America the Sin Eater
We didn’t choose to police the world—we earned the burden by pretending we didn’t have to. In a borderless, asymmetric world, refusing to act early doesn’t prevent conflict—it guarantees a bigger one.
People wonder why America is filling the role of global police when Trump promised no more new or “forever wars.”
I think there is a simple reason—and it is one I have personally experienced over a business career that included frequent international travel, extended assignments abroad, and even a few years living overseas.
9/11 changed more than just America; it changed our relationship with the rest of the world and how American citizens moved through it. Personally, I went from believing I had a kind of protective aura because I was an American to understanding I was a target. As terrorists grew emboldened, it became clear that if I were detained or kidnapped, there was no guarantee American assets would be coming to retrieve me. Holding an American passport was no longer a guarantee.
When I landed in Dubai in 2002 on an American Airlines flight, I remember thinking that being an American on an American airline, flying over Middle Eastern terrain within MANPAD range in a plane with a big American flag on the tail, might not have been the best idea.
It also awakened me to the reality that as America pushed globalization, we failed to recognize that globalization works in reverse—importing cultures and people not aligned with American principles and values. That realization only deepened when former President Obama worked to diminish American standing and leadership in an effort to make us just one nation among many. He and his allies believed that being a superpower drew too much attention, and that if we were simply another country—like those in Europe—there would be less threat to America and Americans.
Ludicrous. When America appears weak, as it did during the Carter, Obama and then the Biden administrations, the threat does not recede—it grows.
The truth is that America has always been more than “Team America: World Police.” It has been the world’s sin eater.
In historical lore, a sin eater is someone who takes on the sins of another through a ritual act, absolving them and allowing them peace. America has often played that role—absorbing the consequences of global disorder and, in the process, preventing humanity from being permanently stained by the worst evils men inflict on one another. At times, this “sin eating” has not only preserved peace but advanced the broader cause of civilization.
There is a simple rule about problems: they rarely improve when ignored.
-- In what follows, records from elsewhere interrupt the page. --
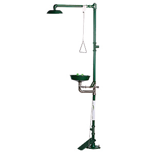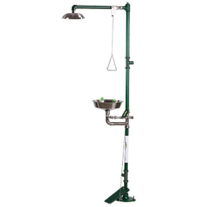 復(fù)合式淋浴洗眼器WG7052F配備ABS塑料水盆和帶防塵蓋的雙不銹鋼噴淋嘴。淋浴為大水流雨瀑淋浴頭,配備鍍鋅鋼支柱和拉桿。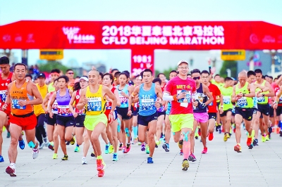昨天早晨,2018北京马拉松在天安门广场开跑。本报记者 邓伟摄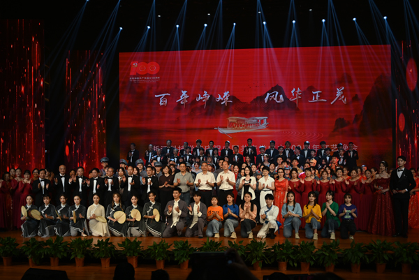 本次文艺晚会节目均由大学生艺术团和离退休教师出演,他们通过精心编排的节目致敬百年峥嵘岁月、礼赞幸福美好新时代,演绎了中华儿女从建党初期的探索,到如今建设新时代的百年历程,深情礼赞中国共产党人百年征程中的优秀品质,展现党领导人民群众取得的辉煌成就。(团委 学生记者 黄晓懿/文 艺术教育中心/摄)

More often, they grow—and once they metastasize, they become far more difficult to resolve quietly.
That is why I find the assertion that Iran “presented no imminent threat” to America so unconvincing. In a world defined by asymmetric risk, Iran and its proxies have posed a continuous threat to Americans since 1979. To argue otherwise is a form of pre-9/11 wishful thinking.
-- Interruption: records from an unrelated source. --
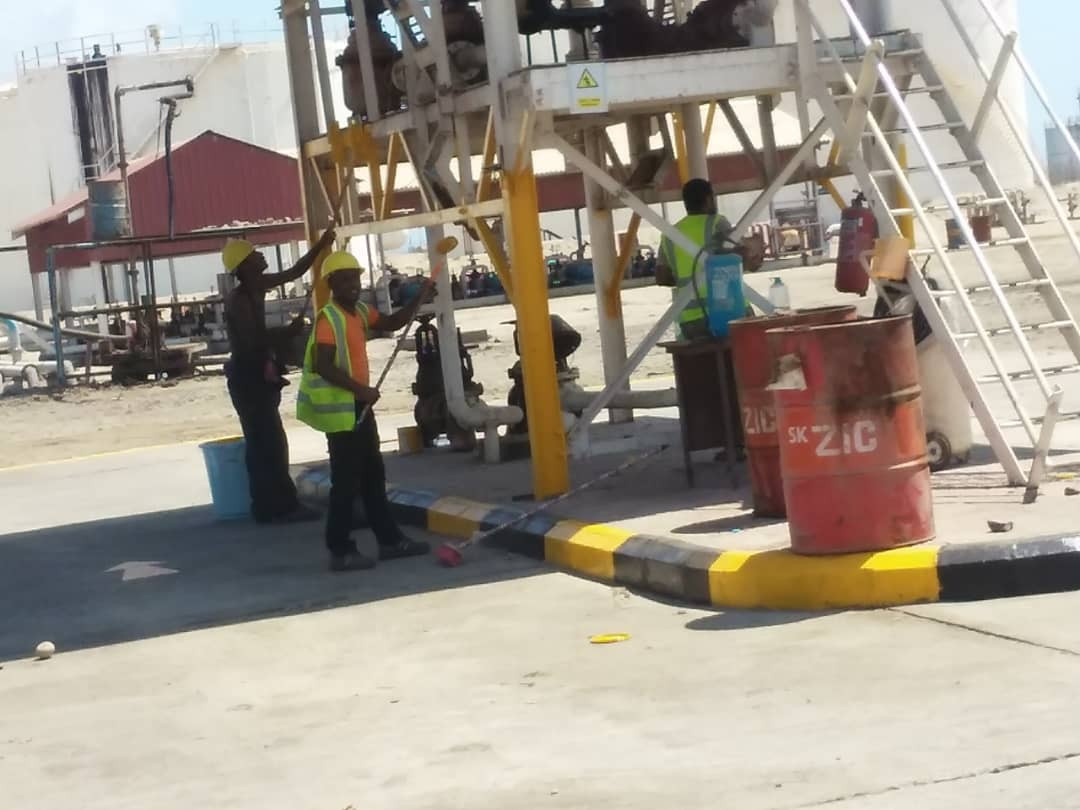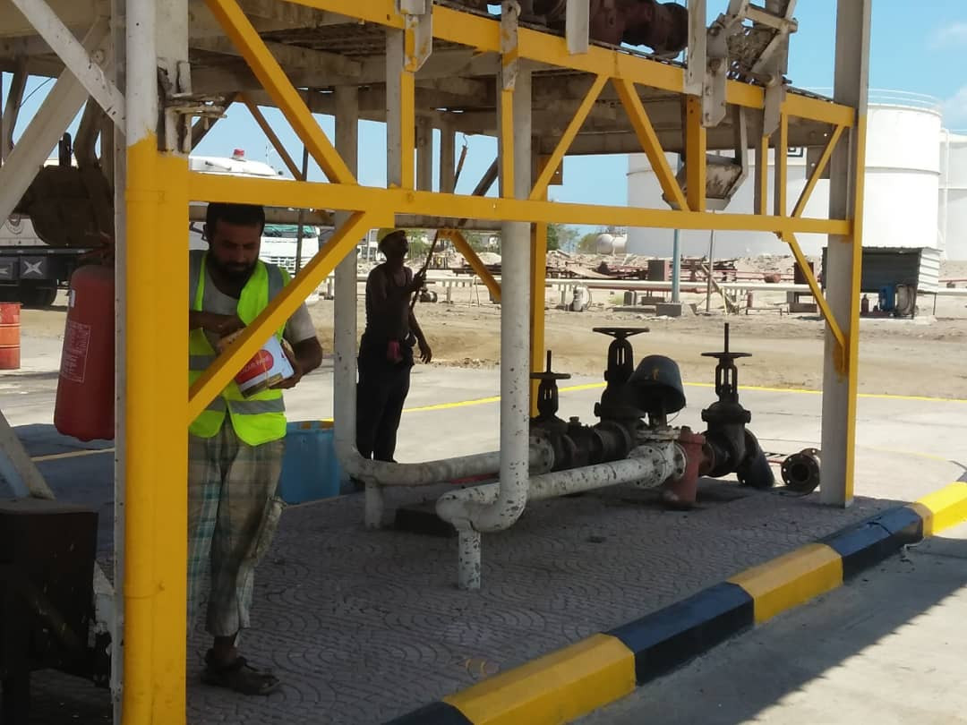يواصل فريق هندسي تابع لشركة النفط بعدن أعمال ترميم منشأة البريقة.
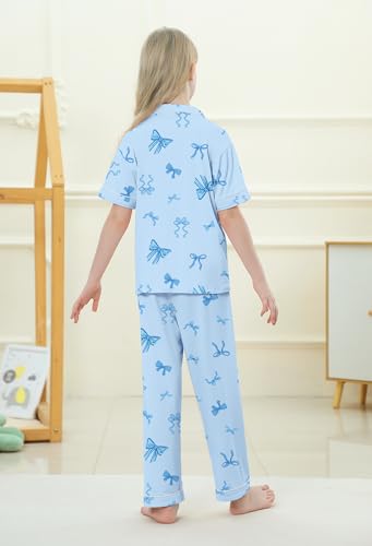 Umeyda Girls Pajamas Set Button Down Notch Collar Soft Short Sleeve Pjs Set with Long Pant Set Lounge Set 6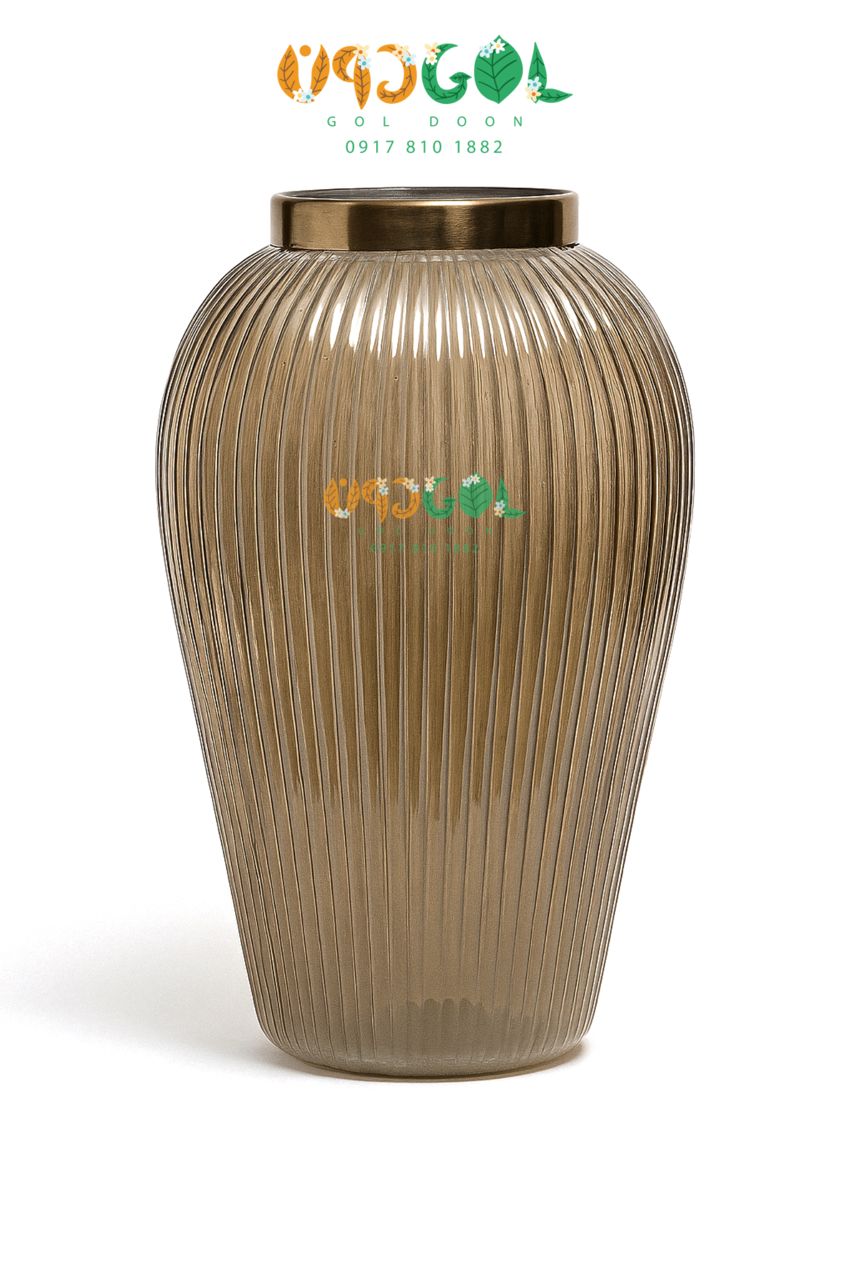 گلدان فلورا با طراحی خاص شیشهای و شیارهای عمودی منظم، انتخابی فوقالعاده برای علاقهمندان به دکوراسیون مدرن و مینیمال است. قسمت لبهی گلدان با فلز براق تزیین شده که علاوه بر جلوهی لوکس، استحکام بیشتری به ساختار آن میبخشد.

I wish we lived in a world where America was not required to play the role of sin eater. But that is not the world we inhabit. The West allowed this reality to take hold through apathy and lethargy—ignoring problems when they were small and refusing to act when action could have been limited and precise, rather than requiring aircraft carriers and cruise missiles for what might once have been handled far more discreetly, perhaps by a suppressed .22 semiautomatic.
Is this a constitutional role for America?
No—ideally it is not. But neither is it entirely outside our role.
In a connected world where physical borders offer diminishing protection, where even close allies fail basic tests of shared self-interest, and where anti-American forces operate with increasing freedom, we have effectively surrendered the option of not playing this role—ironically, by choosing not to play it when it mattered most.
One might even argue that the constitutional mandate to “provide for the common defense” has been globalized along with everything else.
I don’t like it—but reality is indifferent to what I like.
What I truly detest is being forced to react instead of act—because we delayed the inevitable for far too long.
Far too often it falls on presidents to become a reaction to all that has been ignored for too long. That is how I see President Trump. He is not a conservative, but he does conservative things. He is a mercenary, and he plays with the cards he has been dealt, trying to improve every hand.
Imperfectly and sometimes unconventionally, but his actions are now required to change the game.



Thank you Sir, you said it well.
I don't particularly like it either, but, due to past administrations "let's play nice nice", President Trump has no choice. We are fortunate that the groundwork he laid in his first term, especially the Abraham Accords, is paying significant dividends today.
It always amazes me how there are "conservatives" and libertarians who will always cast America is the provocateur in every global conflict, including the attack on Pearl Harbor. They also seem to hold the belief that America can just close all its doors and isolate like China did and everything would be fine.
Seems to parallel the thinking that the Jooos are always the issue.